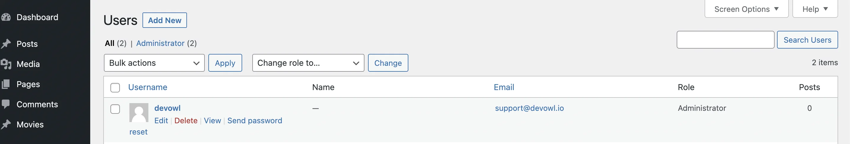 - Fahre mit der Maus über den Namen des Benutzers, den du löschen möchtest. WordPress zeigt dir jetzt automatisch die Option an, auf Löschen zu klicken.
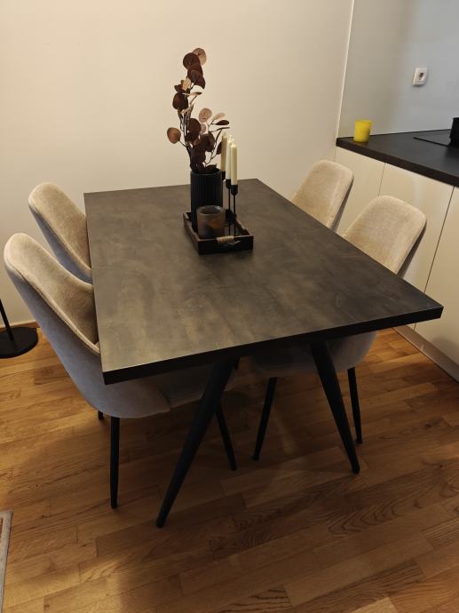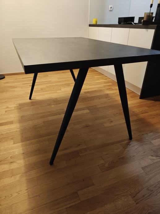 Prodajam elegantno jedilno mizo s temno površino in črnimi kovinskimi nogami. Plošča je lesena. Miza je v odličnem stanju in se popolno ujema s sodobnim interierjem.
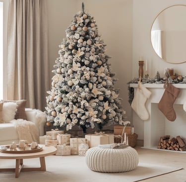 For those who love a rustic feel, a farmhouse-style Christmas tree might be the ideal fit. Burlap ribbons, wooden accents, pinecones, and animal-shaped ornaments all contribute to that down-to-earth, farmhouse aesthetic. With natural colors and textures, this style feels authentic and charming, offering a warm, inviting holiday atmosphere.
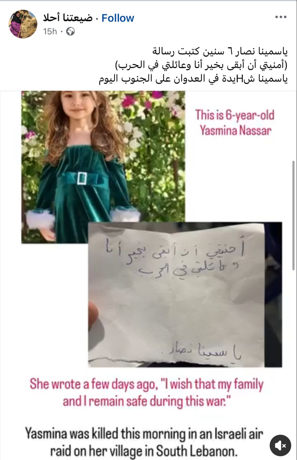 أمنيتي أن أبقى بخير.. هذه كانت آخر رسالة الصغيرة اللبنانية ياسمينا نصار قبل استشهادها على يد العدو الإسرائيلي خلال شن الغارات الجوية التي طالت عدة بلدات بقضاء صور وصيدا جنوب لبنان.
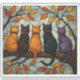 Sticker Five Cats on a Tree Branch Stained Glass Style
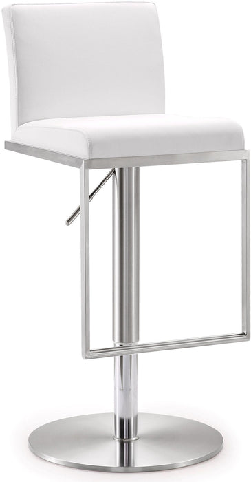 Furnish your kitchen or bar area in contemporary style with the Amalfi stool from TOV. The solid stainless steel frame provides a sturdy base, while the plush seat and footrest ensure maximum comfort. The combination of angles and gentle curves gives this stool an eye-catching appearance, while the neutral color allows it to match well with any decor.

EXERCISE PROMPT: Copy out the listing above in full and leave out its pictures.

RESULT:
 - Fahre mit der Maus über den Namen des Benutzers, den du löschen möchtest. WordPress zeigt dir jetzt automatisch die Option an, auf Löschen zu klicken.
 Prodajam elegantno jedilno mizo s temno površino in črnimi kovinskimi nogami. Plošča je lesena. Miza je v odličnem stanju in se popolno ujema s sodobnim interierjem.
 For those who love a rustic feel, a farmhouse-style Christmas tree might be the ideal fit. Burlap ribbons, wooden accents, pinecones, and animal-shaped ornaments all contribute to that down-to-earth, farmhouse aesthetic. With natural colors and textures, this style feels authentic and charming, offering a warm, inviting holiday atmosphere.
 أمنيتي أن أبقى بخير.. هذه كانت آخر رسالة الصغيرة اللبنانية ياسمينا نصار قبل استشهادها على يد العدو الإسرائيلي خلال شن الغارات الجوية التي طالت عدة بلدات بقضاء صور وصيدا جنوب لبنان.
 Sticker Five Cats on a Tree Branch Stained Glass Style
 Furnish your kitchen or bar area in contemporary style with the Amalfi stool from TOV. The solid stainless steel frame provides a sturdy base, while the plush seat and footrest ensure maximum comfort. The combination of angles and gentle curves gives this stool an eye-catching appearance, while the neutral color allows it to match well with any decor.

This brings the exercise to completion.